Exactly the lines from the beginning of the records to the line with "Sachi Mossainite Pearl", both ends included, are to be given again, and pictures are to be left out.

━━ Exercise data

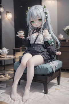 (masterpiece:1.3),(best quality:1.2),original,illustration,(an extremely delicate and beautiful),cinematic lighting,volume lighting,ADDBASE,(1girl:1.2),(solo:1.4),(sprite:1.2),(green eyes:1.2),(grey hair:1.2),very long hair,medium breasts,(white uniform:1.1),(subtle smile:1.1),sipping tea delicately,(daintily holding teacup:1.2),(one teacup:1.2),(delicate tea set on the table:1.2),(sitting on chair:1.2),ADDCOL,(starship:1.1),(starry background:1.3),(clusters of stars:1.2),star_trail,(hyper_galaxy:1.2),(universe:1.2),(planet:1.2),(space:1.2),one teacup,
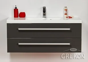 Szafka łazienkowa wisząca o szerokosci 100 cm. Zestaw z dolomitową umywalką - meble wykonane są w kolorze szarym.
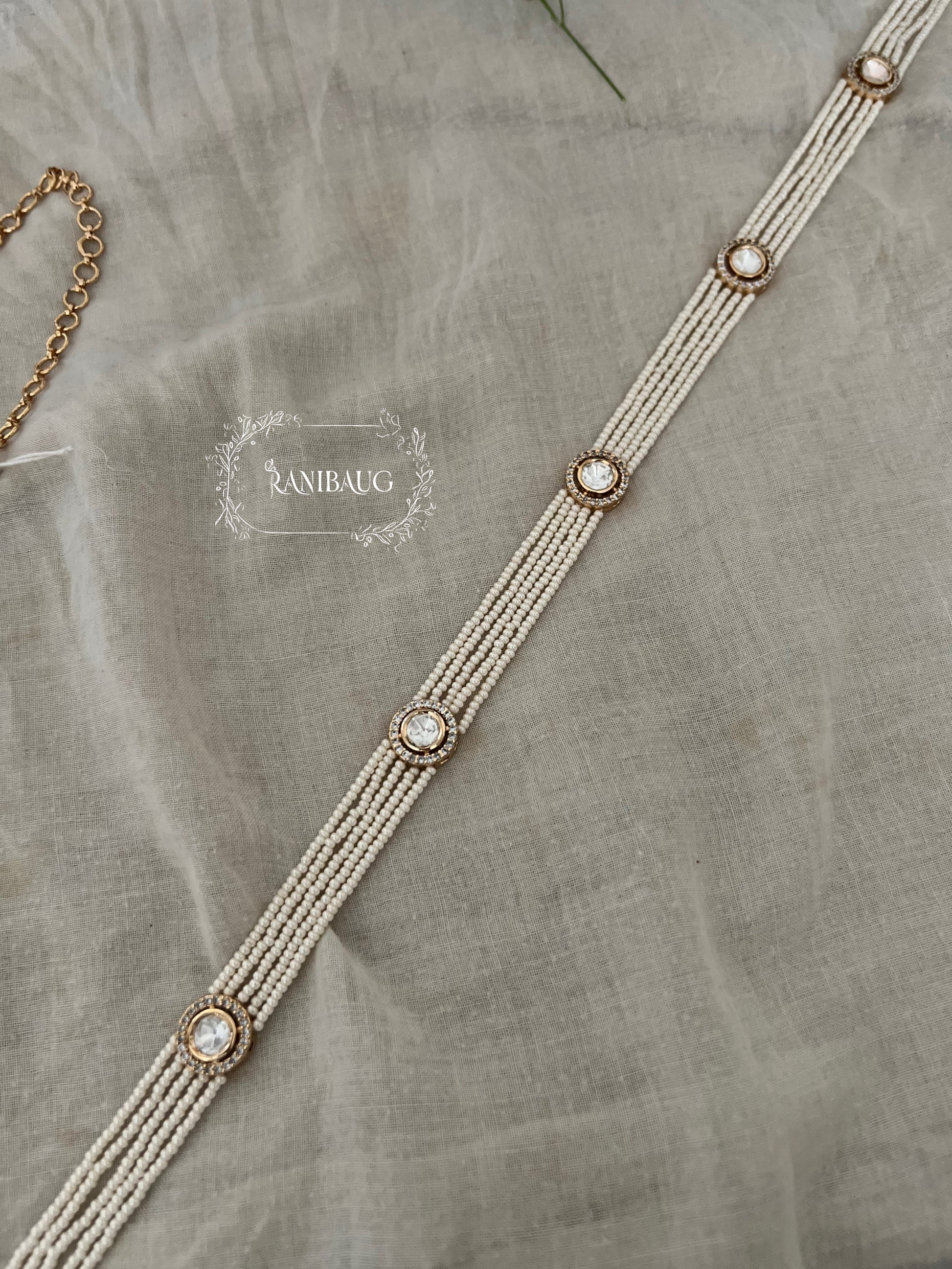 Sachi Mossainite Pearl Chain Kamarbandh By Ranibaug
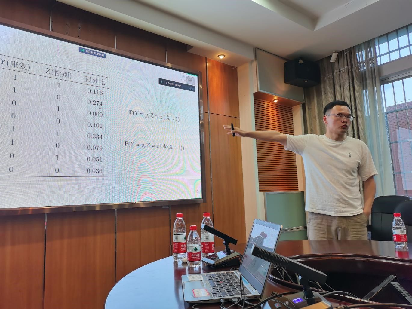 最后吴小安老师指出,把结构因果模型的思想拓展到可能世界之中,使得哲学理论有了一定的应用维度,比较结构因果模型有了一个优势,比如可以处理析取前件反事实,但也产生了新的问题,刘易斯理论之前的一个漂亮结果P^A(B)=P(A boxright B)也不再成立。
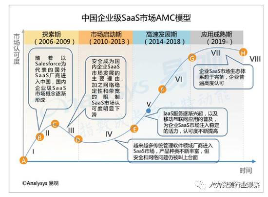 易觀智庫在2016年的中國企業(yè)級服務(wù)市場盤點中顯示,移動互聯(lián)網(wǎng)應(yīng)用的普及,為企業(yè)Saas市場注入穩(wěn)定的活力,企業(yè)認可度也在不斷提高。到了2019年,企業(yè)Saas市場會進入成熟期,各路玩家圈地完成,生態(tài)體系會趨于完善。
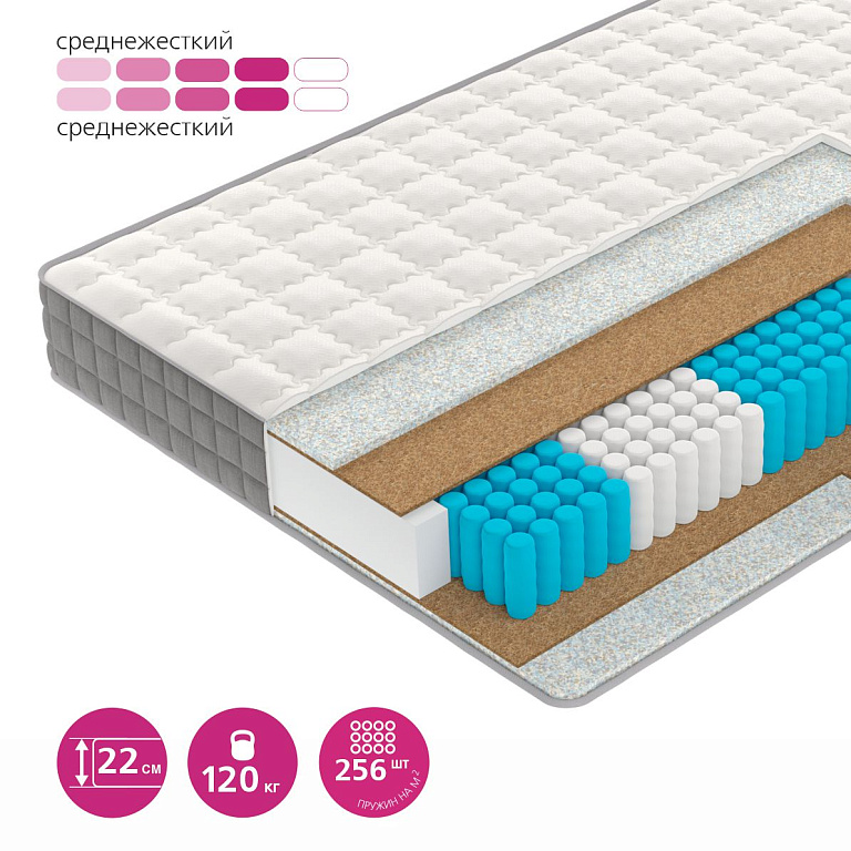 | Smartpocket PRO 5-Zone | Усовершенствованный блок независимых пружин Smartpocket плотностью размещения 256 пружин на м2. Каждая пружинка упакована в отдельный чехол и работает самостоятельно, отдельно, независимо от других пружин в блоке. Такой блок принимает форму тела спящего на матрасе - в этом и заключается ортопедический эффект. Усиление ортопедического эффекта происходит благодаря пяти выраженным зонам поддержки, которые равномерно распределяют нагрузку на матрас для более комфортного и здорового сна. |

━━━━

## Exercise output:
 (masterpiece:1.3),(best quality:1.2),original,illustration,(an extremely delicate and beautiful),cinematic lighting,volume lighting,ADDBASE,(1girl:1.2),(solo:1.4),(sprite:1.2),(green eyes:1.2),(grey hair:1.2),very long hair,medium breasts,(white uniform:1.1),(subtle smile:1.1),sipping tea delicately,(daintily holding teacup:1.2),(one teacup:1.2),(delicate tea set on the table:1.2),(sitting on chair:1.2),ADDCOL,(starship:1.1),(starry background:1.3),(clusters of stars:1.2),star_trail,(hyper_galaxy:1.2),(universe:1.2),(planet:1.2),(space:1.2),one teacup,
 Szafka łazienkowa wisząca o szerokosci 100 cm. Zestaw z dolomitową umywalką - meble wykonane są w kolorze szarym.
 Sachi Mossainite Pearl Chain Kamarbandh By Ranibaug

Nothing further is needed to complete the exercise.